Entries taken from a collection
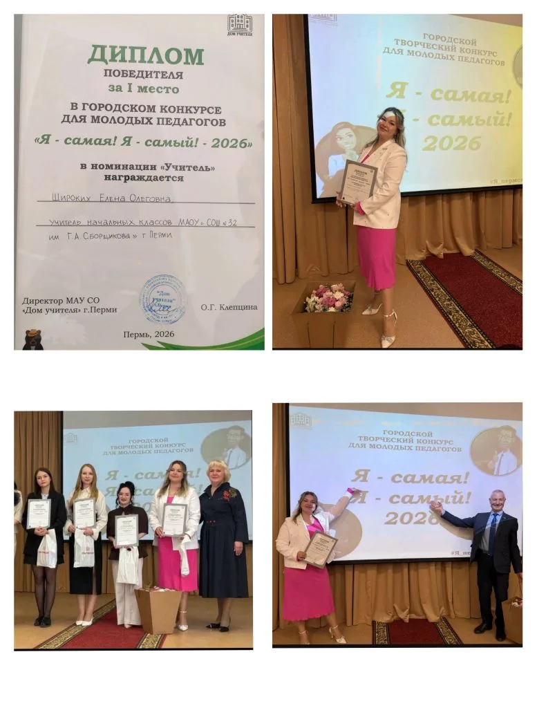 3 апреля в Доме Учителя состоялся финал городского конкурса «Я — Самая! Я — Самый!», который стал настоящим праздником профессионализма, креативности и педагогического мастерства! Конкурс направлен на профессиональное развитие молодых педагогов, помогает им укрепить уверенность в себе, выразить собственную педагогическую позицию и творческий почерк, а также повышает престиж профессии учителя. В этом году в конкурсе приняли участие более 50 молодых педагогов. По итогам заочного тура (видеовизитка «Пермский педагог») в очный этап вышли 39 участниц, которые прошли два испытания: «Педагогический лайфхак» - демонстрация своих методических находок в работе с детьми и «Хобби» - представление творческих способностей, помогающих в профессиональной деятельности. Как результат – на финальном испытании «Стильный педагог» встретились 24 молодых педагога. И вот они, итоги конкурса: 1 место в номинации «Учитель» заняла Широких Елена Олеговна, учитель начальных классов МАОУ «СОШ № 32 им. Г.А. Сборщикова». Поздравляем нашего победителя! Гордимся и желаем ей дальнейших успехов в педагогической деятельности! Мы благодарим весь коллектив школы за методическое сопровождение и поддержку Елены Олеговны! Вместе – мы сила!
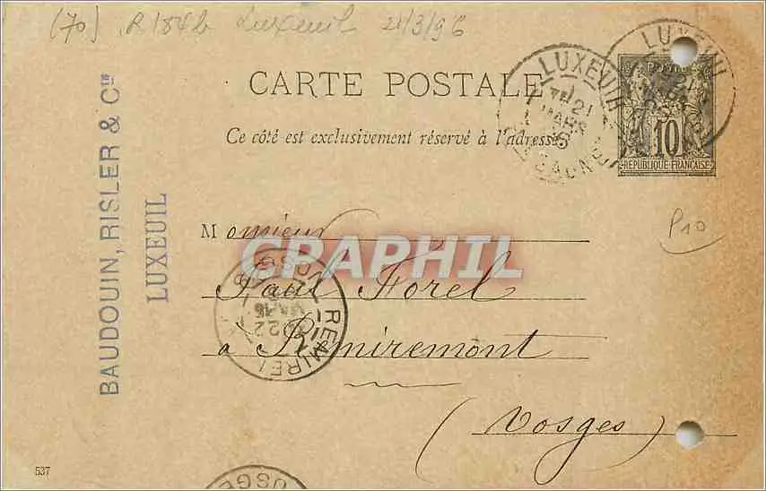 Entier Postal 10cSage Foret pour Remiremont 1896 cad Luxeuil
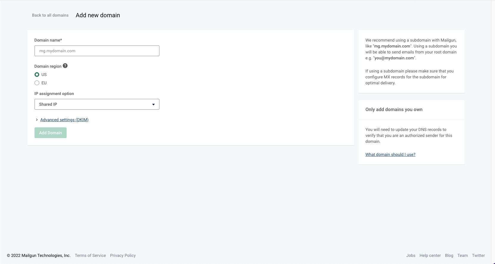 Before verifying a domain, you need to add it to Mailgun by following these steps:
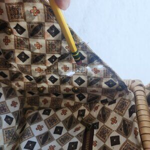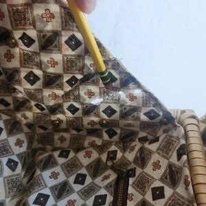 Good used condition - 3 small blue spots on the front flap, cracks in the leather on the front flap closure, 2 spots on the back of the bag where the clear plastic is showing, the interior lining has an hole on the bottom, a few small holes on the side of the fabric, the fabric lining is not attached to the bag on one side at the top, fabric is not attached all the way on the top of the flap. Please see the photos.
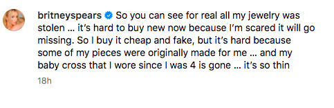 On Sunday (May 26), Britney Spears shared with her 42.2 million Instagram followers that her jewelry was stolen. In a video opening the drawers of an almost empty jewelry case, she said,
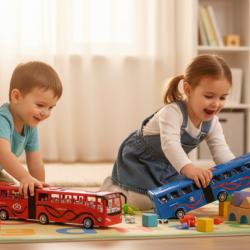 Играчките често омръзват бързо, защото не предлагат движение и реализъм. Inertia Luxury Bus решава този проблем с инерционно задвижване – само едно побутване и автобусът потегля сам! Така детето се забавлява активно, развива координацията си и се потапя в играта като истински шофьор. Изработен от здрава и безопасна пластмаса, моделът е подходящ за деца над 3 години. Предлага се в два цвята – яркочервен и наситеносин, с реалистични детайли и лъскав дизайн. Без батерии, без шум, само чисто детско въображение и движение. Размери: 46 × 8 × 11 см. Inertia Luxury Bus – побутни, пусни и гледай как приключението тръгва!
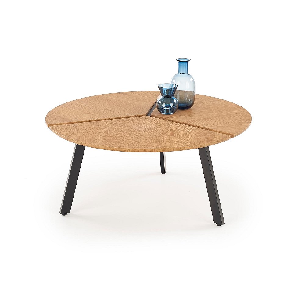 Kulatý konferenční stolek Barva: dub zlatý/černá Rozměry (průměr x výška): 86 x 40 cm Materiál: laminovaná MDF, lakovaná práškovaná ocel Dodání v demontu Záruka 24 měsíců.
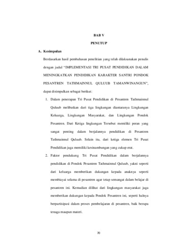 Tamanwinangun. Tujuan tujuan dari penelitian ini adalah untuk mengetahui 1.) Mengetahui Implementasi Tri pusat Pendidikan dalam mendukung pembelajaran santri di
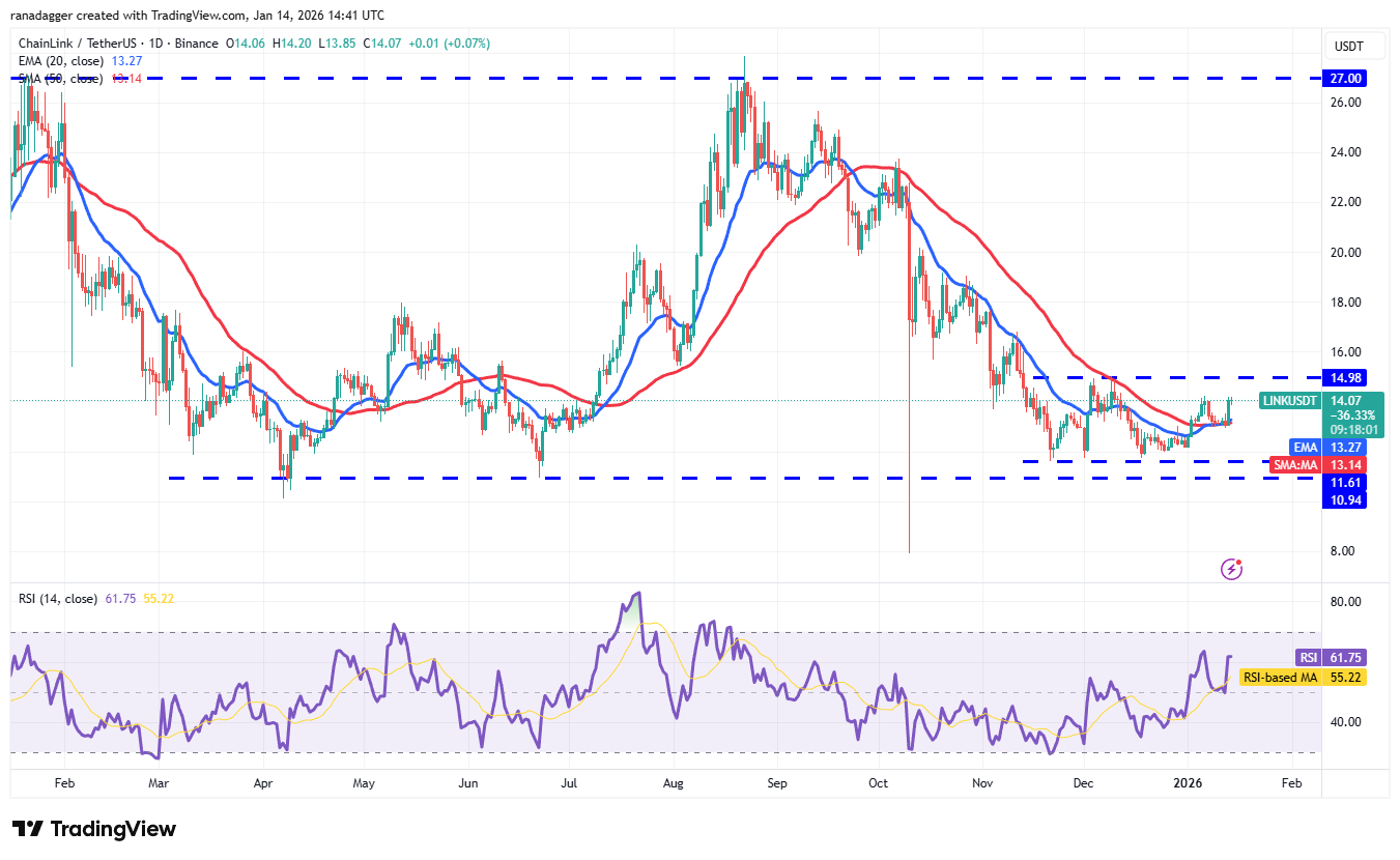 多头将尝试通过将Chainlink价格推高至14.98美元阻力位上方来巩固其地位。如果他们成功,LINK/USDT交易对可能上涨至17.66美元。这将使较大的10.94美元至27美元区间发挥作用。
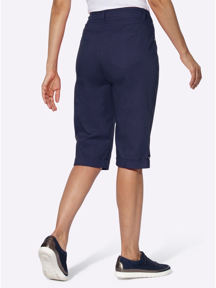 Для теплых дней года: шорты-бермуды из легкого хлопка с анатомическим поясом, петлями для ремня и застежкой на пуговицу и молнию. Два передних кармана украшены заклепками, а два задних - накладные. Приятная деталь: штанины можно подвернуть с помощью петель и кнопок. Швы визуально удлиняют штанины. Ширина штанины внизу около 50 см. Ремень в комплект не входит. Поддерживает инициативу «Хлопок, произведенный в Африке».
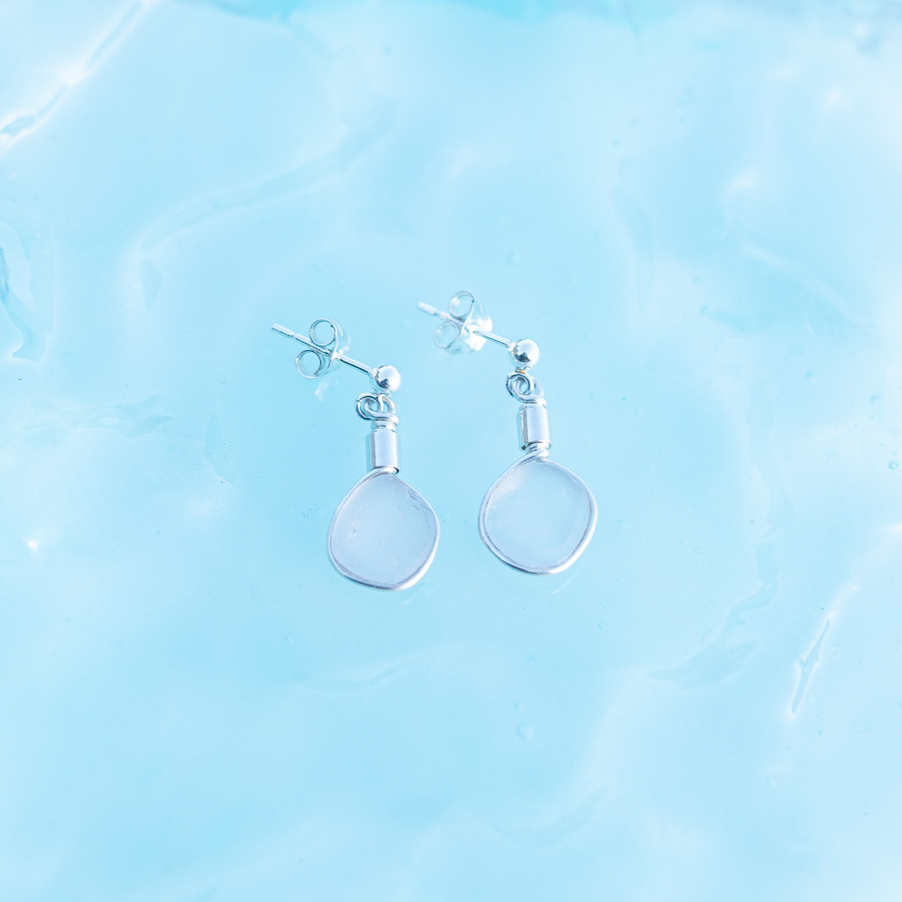 Sea glass stud earrings – White
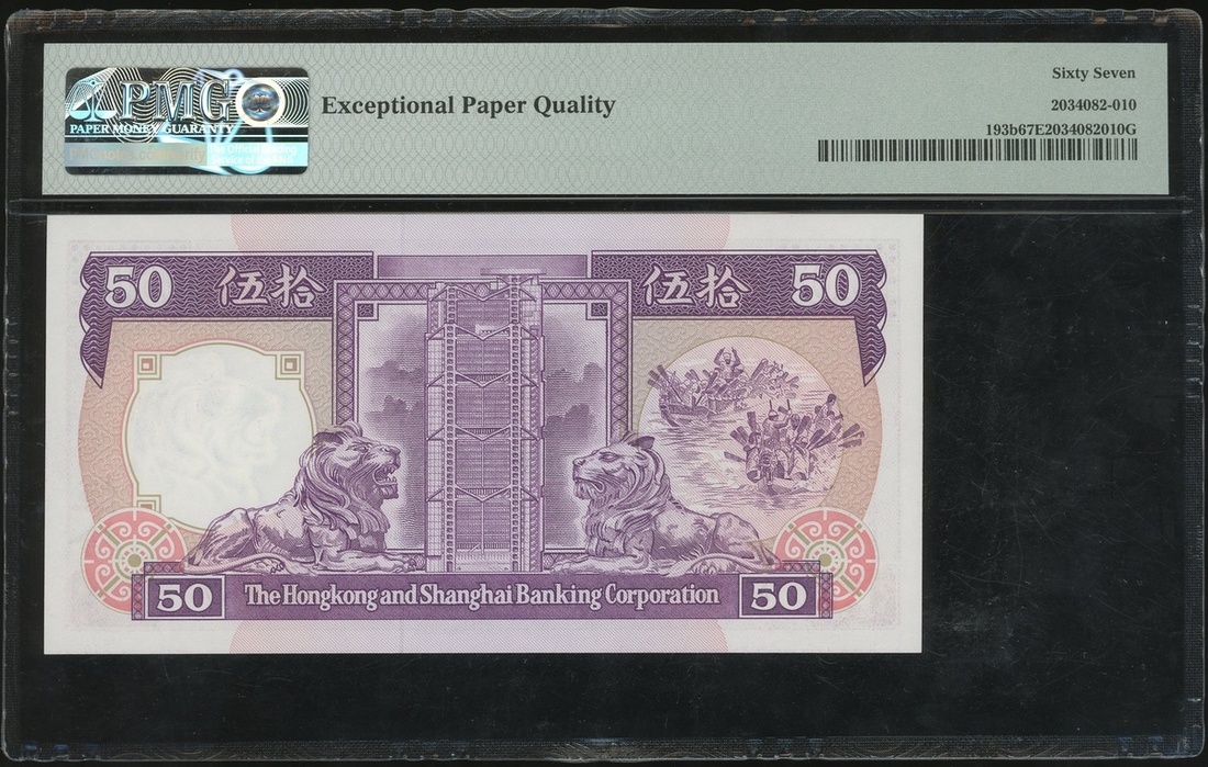 1988年香港上海匯豐銀行50元,幸運號AW777777,PMG 67EPQ,記錄中的亞軍分,僅八枚更高分,集趣味好與高評於一身
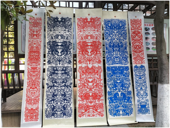 剪紙展區(qū)內(nèi),3.2米長(zhǎng)卷《騏驥馳騁迎新年》以馬年春晚吉祥物為主題,學(xué)生以剪紙形式呈現(xiàn)多組“萌馬”形象,表達(dá)新年祝愿!抖Y樂隨州文明畫卷》以隨州青銅文化為核心,將非遺剪紙技藝與地方歷史文化相融合,展現(xiàn)隨州深厚底蘊(yùn)。相關(guān)課程的開展有效提升了學(xué)生動(dòng)手能力,增強(qiáng)了文化自信。
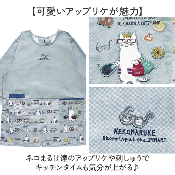 | 商品説明 | 【パッと目を惹くネコちゃんたち♪】見るたびに癒される、可愛いネコちゃんがたまらない!毎日使いたくなるアイテム◎【可愛いアップリケが魅力】ネコまるけ達のアップリケや刺しゅうでキッチンタイムも気分が上がる♪【機能性も充実!】スマホも入る大きめのポケット2つに、面ファスナー付きのポケット、背面にもポケットを配置。【袖口にはアクセント!】袖口部分の柄切り替えでさりげないおしゃれ感。【お洋服をしっかりカバー】家事やお仕事の汚れからしっかりガード。おしゃれさと機能性を両立。【KUSUGURU JAPANとは☆】やたら猫ばっかりをコンセプトに布雑貨を作成。オリジナルキャラの「ネコまるけ」が人気! |
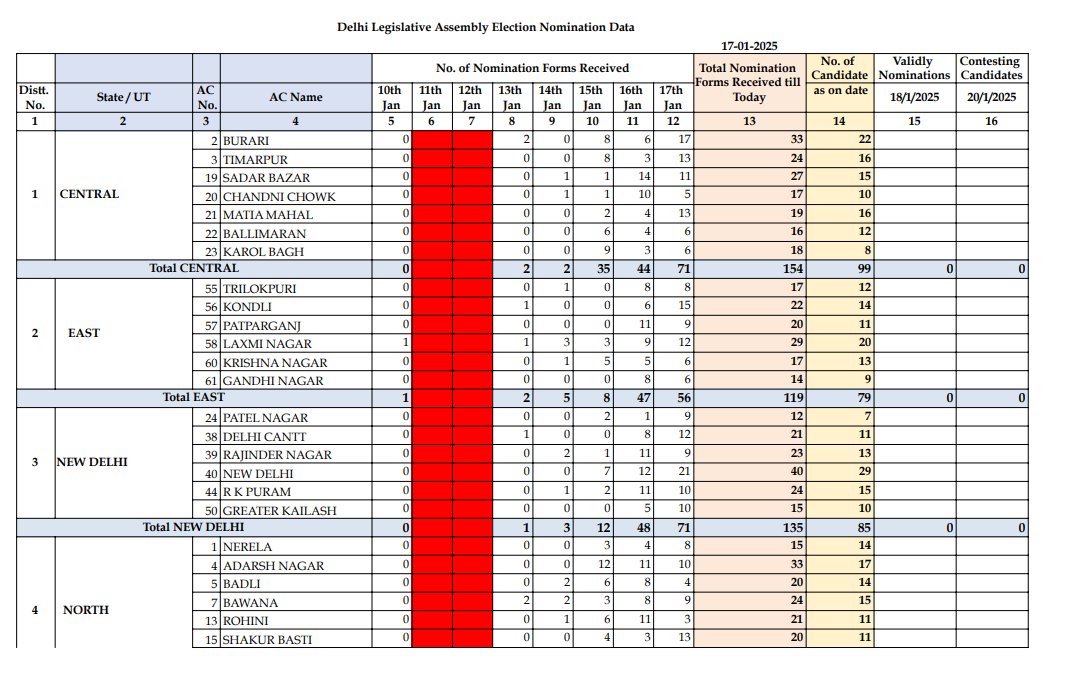 नई दिल्ली (18 जनवरी, 2025): दिल्ली विधानसभा चुनाव के लिए नामांकन प्रक्रिया के तहत आज सभी प्रत्याशियों के नामांकन पत्रों की जांच की जाएगी। मुख्य चुनाव अधिकारी (CEO) कार्यालय के अनुसार, दिल्ली की 70 सीटों के लिए कुल 981 उम्मीदवारों ने 1,521 नामांकन पत्र भरे हैं।

● **About this exercise**:
The records above are to be restated word for word, excluding all pictures.

● **Exercise result**:
 3 апреля в Доме Учителя состоялся финал городского конкурса «Я — Самая! Я — Самый!», который стал настоящим праздником профессионализма, креативности и педагогического мастерства! Конкурс направлен на профессиональное развитие молодых педагогов, помогает им укрепить уверенность в себе, выразить собственную педагогическую позицию и творческий почерк, а также повышает престиж профессии учителя. В этом году в конкурсе приняли участие более 50 молодых педагогов. По итогам заочного тура (видеовизитка «Пермский педагог») в очный этап вышли 39 участниц, которые прошли два испытания: «Педагогический лайфхак» - демонстрация своих методических находок в работе с детьми и «Хобби» - представление творческих способностей, помогающих в профессиональной деятельности. Как результат – на финальном испытании «Стильный педагог» встретились 24 молодых педагога. И вот они, итоги конкурса: 1 место в номинации «Учитель» заняла Широких Елена Олеговна, учитель начальных классов МАОУ «СОШ № 32 им. Г.А. Сборщикова». Поздравляем нашего победителя! Гордимся и желаем ей дальнейших успехов в педагогической деятельности! Мы благодарим весь коллектив школы за методическое сопровождение и поддержку Елены Олеговны! Вместе – мы сила!
 Entier Postal 10cSage Foret pour Remiremont 1896 cad Luxeuil
 Before verifying a domain, you need to add it to Mailgun by following these steps:
 Good used condition - 3 small blue spots on the front flap, cracks in the leather on the front flap closure, 2 spots on the back of the bag where the clear plastic is showing, the interior lining has an hole on the bottom, a few small holes on the side of the fabric, the fabric lining is not attached to the bag on one side at the top, fabric is not attached all the way on the top of the flap. Please see the photos.
 On Sunday (May 26), Britney Spears shared with her 42.2 million Instagram followers that her jewelry was stolen. In a video opening the drawers of an almost empty jewelry case, she said,
 Играчките често омръзват бързо, защото не предлагат движение и реализъм. Inertia Luxury Bus решава този проблем с инерционно задвижване – само едно побутване и автобусът потегля сам! Така детето се забавлява активно, развива координацията си и се потапя в играта като истински шофьор. Изработен от здрава и безопасна пластмаса, моделът е подходящ за деца над 3 години. Предлага се в два цвята – яркочервен и наситеносин, с реалистични детайли и лъскав дизайн. Без батерии, без шум, само чисто детско въображение и движение. Размери: 46 × 8 × 11 см. Inertia Luxury Bus – побутни, пусни и гледай как приключението тръгва!
 Kulatý konferenční stolek Barva: dub zlatý/černá Rozměry (průměr x výška): 86 x 40 cm Materiál: laminovaná MDF, lakovaná práškovaná ocel Dodání v demontu Záruka 24 měsíců.
 Tamanwinangun. Tujuan tujuan dari penelitian ini adalah untuk mengetahui 1.) Mengetahui Implementasi Tri pusat Pendidikan dalam mendukung pembelajaran santri di
 多头将尝试通过将Chainlink价格推高至14.98美元阻力位上方来巩固其地位。如果他们成功,LINK/USDT交易对可能上涨至17.66美元。这将使较大的10.94美元至27美元区间发挥作用。
 Для теплых дней года: шорты-бермуды из легкого хлопка с анатомическим поясом, петлями для ремня и застежкой на пуговицу и молнию. Два передних кармана украшены заклепками, а два задних - накладные. Приятная деталь: штанины можно подвернуть с помощью петель и кнопок. Швы визуально удлиняют штанины. Ширина штанины внизу около 50 см. Ремень в комплект не входит. Поддерживает инициативу «Хлопок, произведенный в Африке».
 Sea glass stud earrings – White
 1988年香港上海匯豐銀行50元,幸運號AW777777,PMG 67EPQ,記錄中的亞軍分,僅八枚更高分,集趣味好與高評於一身
 剪紙展區(qū)內(nèi),3.2米長(zhǎng)卷《騏驥馳騁迎新年》以馬年春晚吉祥物為主題,學(xué)生以剪紙形式呈現(xiàn)多組“萌馬”形象,表達(dá)新年祝愿!抖Y樂隨州文明畫卷》以隨州青銅文化為核心,將非遺剪紙技藝與地方歷史文化相融合,展現(xiàn)隨州深厚底蘊(yùn)。相關(guān)課程的開展有效提升了學(xué)生動(dòng)手能力,增強(qiáng)了文化自信。
 | 商品説明 | 【パッと目を惹くネコちゃんたち♪】見るたびに癒される、可愛いネコちゃんがたまらない!毎日使いたくなるアイテム◎【可愛いアップリケが魅力】ネコまるけ達のアップリケや刺しゅうでキッチンタイムも気分が上がる♪【機能性も充実!】スマホも入る大きめのポケット2つに、面ファスナー付きのポケット、背面にもポケットを配置。【袖口にはアクセント!】袖口部分の柄切り替えでさりげないおしゃれ感。【お洋服をしっかりカバー】家事やお仕事の汚れからしっかりガード。おしゃれさと機能性を両立。【KUSUGURU JAPANとは☆】やたら猫ばっかりをコンセプトに布雑貨を作成。オリジナルキャラの「ネコまるけ」が人気! |
 नई दिल्ली (18 जनवरी, 2025): दिल्ली विधानसभा चुनाव के लिए नामांकन प्रक्रिया के तहत आज सभी प्रत्याशियों के नामांकन पत्रों की जांच की जाएगी। मुख्य चुनाव अधिकारी (CEO) कार्यालय के अनुसार, दिल्ली की 70 सीटों के लिए कुल 981 उम्मीदवारों ने 1,521 नामांकन पत्र भरे हैं।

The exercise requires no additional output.